=== Section Start ===

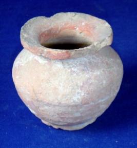 | Description / विवरण | Terracotta pitcher having broken averted rim, broad mouth, bulbous body with sparse striation marks and flat circular base. Surface is rough and peeling off. |
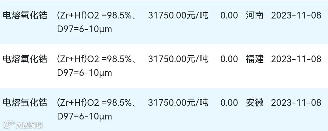2023年11月08日氧化锆材料市场参考价:
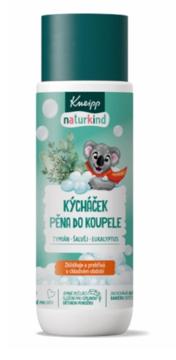 • Kneipp pěna do koupele Kýcháček se speciální recepturou, která zahřívá tělo i dýchací cesty během chladných dní. Složení s tymiánem, šalvějí a eukalyptem vykouzlí uvolňující zážitek. Receptura bez mikroplastů s 98 % biologicky odbouratelných složek barví vodu na zeleno. Vhodná pro vegany

=== Section End ===

Goal of the exercise:
All of the material above is to be retyped exactly, with no pictures included.

Task answer:
 | Description / विवरण | Terracotta pitcher having broken averted rim, broad mouth, bulbous body with sparse striation marks and flat circular base. Surface is rough and peeling off. |
2023年11月08日氧化锆材料市场参考价:
 • Kneipp pěna do koupele Kýcháček se speciální recepturou, která zahřívá tělo i dýchací cesty během chladných dní. Složení s tymiánem, šalvějí a eukalyptem vykouzlí uvolňující zážitek. Receptura bez mikroplastů s 98 % biologicky odbouratelných složek barví vodu na zeleno. Vhodná pro vegany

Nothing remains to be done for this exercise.